3. (US) to take a chance, to gamble, esp. financially.

[US]W.W. Fowler Ten Years in Wall Street 37: As for those who take ‘flyers’ in one or two hundred shares, they are a great host whom no man can describe, much less enumerate.
[US]H. Blossom Checkers 8: I ’m jes’ takin’ a flyer on her to win today.
[US]H. Green Actors’ Boarding House (1906) 158: The hotel’s staff read ‘the dope’ daily and took a flyer, one and all.
[US]‘O. Henry’ ‘Man About Town’ Four Million (1915) 84: The oldest girls are eagerly perusing the financial reports, for a certain young man remarked [...] that he had taken a flyer in Q., X. & Z.
[US]T.A. Dorgan Daffydils 23 Nov. [synd. cartoon strip] If a woman took a flyer in Wall Street would the street cleaner?
[US]H.C. Witwer Fighting Blood 264: Me and Nate and Kayo Kelly has already took a flyer in something apart from the ring.
[US](con. 1920s) J.T. Farrell Judgement Day in Studs Lonigan (1936) 521: He had taken this flyer on Imbray Stock [...] as if it were nothing more than risking a few shekels in a crap game.
[US](con. 1920s) Dos Passos Big Money in USA (1966) 747: He [...] took a flyer for the bit money in connection with a pulpmill started in Maine.
[US]Goldin et al.
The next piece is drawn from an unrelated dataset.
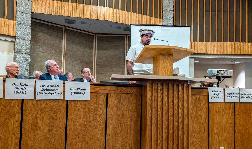 Speakers representing 8 different religons/belief systems will each deliver short presentations: Maulana Farhan Iqbal (Islam); Dr. Anneli Driessen (Metaphysical); Mr. Graham Sanderson (Christian LDS); Mr. Gurdeep Singh (Sikh); Ms. Gita Badiyan (Bahá’í); Fr. Allan Doerksen (Christian); Mr. Shrikant Shenwai (Hindu); and Rabbi Elisha Herb (Jewish).

DAUL 218/1: Take a flier. 1. To commit a crime of gain impulsively, with no foreknowledge or plan. 2. To act impulsively or without plan.
[US] in T.I. Rubin Sweet Daddy 106: Sometimes I take a flyer but mostly I play it both feet on the ground.
[US]J. Thompson Texas by the Tail (1994) 151: Financing? We’ll take a flier on almost anything.
[US]L. Kramer Faggots 20: [It belonged to] Piping Rock sportsmen taking a flyer.
[US]G. Liddy Will (con. 1973) 328: [A] college professor, who had taken a flyer on a marijuana venture, was released on bond .
[US]J. Lansdale Bad Chili 203: They [...] decided you guys had a connection, took a flyer and toted Hap out to the woods.
[UK]K. Sampson Outlaws (ms.) 145: I [...] half thought maybe I could’ve just took a flier and that, could’ve just done a runner and hoped for the best.
[US]J. Stahl I, Fatty 258: He figured what the heck. He’s take a flyer.

4. (US prison) to escape from prison.

[US]Bentley & Corbett Prison Sl. 109: Takin’ a Flier A seldom used expression meaning to escape from prison.

5. to escape, to run away from.

[US]M. Spillane Long Wait (1954) 115: She took a flyer on Lenny and so what.